At first, I find the eating quite enjoyable. Every time I see a nut, I experience a little burst of satisfaction, and the taste of the nut itself is rewarding. (Disclosure: I have no idea, really, what it’s like to be a squirrel or, indeed, if it’s like anything at all to be a squirrel. Anyway…) My tiny squirrel brain is computing how good an idea it is for me to stay on this patch. However, sadly, the patch I’m on doesn’t have many nuts, and soon the time between finding nuts is long. No nuts for a minute, then two… processes I’m not conscious of are measuring how good a patch I’m on, and I experience the outcome of this measurement. Soon, I’m finding staying on the patch frustrating, even, perhaps, effortful… this is evolution’s way of telling me to move along… and I find that I want to explore the local area, maybe find a denser patch… (For an explicit version of this idea, see Hockey, 2011.)
Ok, I’m me again. A squirrel foraging in a patch of nuts has to make a decision which is, with apologies to The Clash, “Should I stay or should I go?” The way to solve this problem is through various sorts of computations: how good is this patch, particularly compared to how good the next patch I’m likely to find might be? The brains of organisms, such as squirrels, perform these computations, guiding adaptive behavior.

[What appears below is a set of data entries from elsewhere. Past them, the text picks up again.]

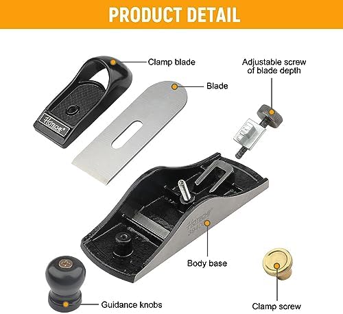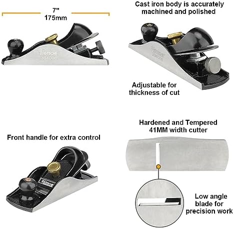 About this item 【Superior Performance】This Wood Plane is equipped with a fully adjustable alloy steel blade that is hardened, tempered, and fully ground. This ensures exceptional cutting performance and precision, allowing you to effortlessly shape and smooth wood surfaces 【Optimal Design】With a body length of 7 inches and a blade size of 1-5/8 inches, this wood plane strikes the perfect balance between maneuverability and versatility. Its compact size allows for easy handling and control, making it suitable for both intricate and larger woodworking projects 【Exceptional Durability】Crafted from high-quality grey iron through precision casting, this Wood Plane is built to last. Its sturdy construction ensures long-term durability and resistance to wear and tear, providing you with a reliable tool that can withstand the demands of woodworking tasks 【Fine Finishing】The plane bottom and sides of this wood plane are meticulously finished, resulting in a smooth and polished surface. This feature enables you to achieve flawless finishes and precise cuts, enhancing the overall quality of your woodworking projects 【 Efficient and Time-Saving】The Hoteche Wood Plane is designed to save you time and effort. Its strength-saving design allows for efficient material removal, reducing fatigue during extended use. With this wood plane, you can achieve smooth surfaces quickly and effortlessly, maximizing your productivity
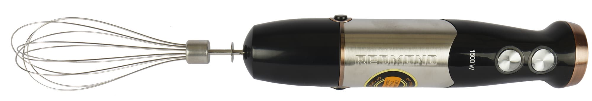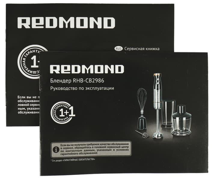Герой нашего сегодняшнего обзора — вполне классический блендер «3 в 1», оснащенный стандартной насадкой для блендирования, венчиком для взбивания и чашей для измельчения (с двухлопастным ножом). В общем, и форма, и конструкция, и комплектация у Redmond RHB-CB2986 классические. Никаких сюрпризов, с нашей точки зрения, тут не предвидится. Единственный не совсем обычный аксессуар — венчик для взбивания молочной пены — должен понравиться любителям кофейных напитков с молоком. Так что прибор имеет полное право называться «4 в 1», а не «3 в 1».
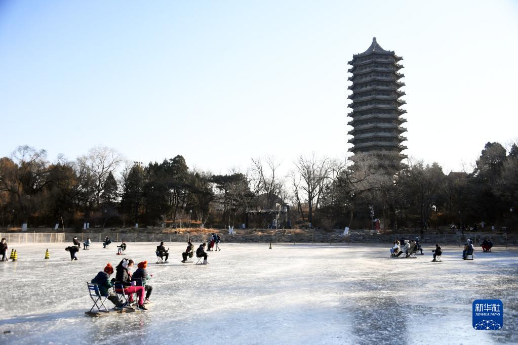 2022年最后一天,在北京大學(xué)未名湖冰場,人們滑冰、玩冰車,在感受冰上運(yùn)動(dòng)的魅力中喜迎新年。
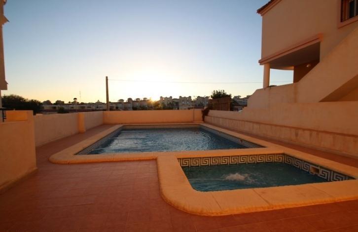 For sale is a townhouse located in Costa Blanca, Spain. The townhouse is located in a very cozy and quiet area. The townhouse is built to the highest standards of design and quality. The townhouse has only 3 rooms, Inside there is a spacious living room, several bedrooms and bathrooms, and a fully equipped kitchen with a dining area. Also in the townhouse there is a balcony and several exits to the terrace and outside. Outside there is a chic garden and a swimming pool. Also there are parking spaces. The townhouse is located next to the infrastructure, which includes various shops, bars and restaurants. Excellent purchase both for the purpose of renting and for permanent housing.

Van den Berg (1986), who I quoted in a previous post, noted that eighteenth century scientists thought that the mind was “like a muscle,” equating “the efforts of the spirit with those of the body.” These worthies were writing before Darwin, Turing, and the cognitive revolution, before anyone had the idea that the mind was a computational device with evolved functions (Pinker, 1999). The sensation of “effort,” and the disinclination to persist on certain kinds of tasks is going to require some sort of explanation in the language of information processing.
To get to the right explanation, we’re going to have to move past the ones that are wrong, and my reading of the current state of affairs is that this is unlikely to happen any time soon.
Hockey, G. R. J. (2011). A motivational control theory of cognitive fatigue. In P. L. Ackerman (Ed.), Cognitive fatigue: Multidisciplinary perspectives on current research and future applications (pp. 167-187). Washington, DC: American Psychological Association.
Pinker, S. (1999). How the mind works. New York: Norton.
Van den Berg, C. J. (1986). On the relation between energy transformation in the brain and mental activities. In R. Hockey, A. Gaillard, & M. Coles (Eds), Energetics and Human Information Processing(pp. 131-135). Dordrecht, The Netherlands: Martinus Nijhoff.
Wang, X.T. & Dvorak, R. D. (2010). Sweet future: Fluctuating blood glucose levels affect future discounting. Psychological Science, 21, 183-188.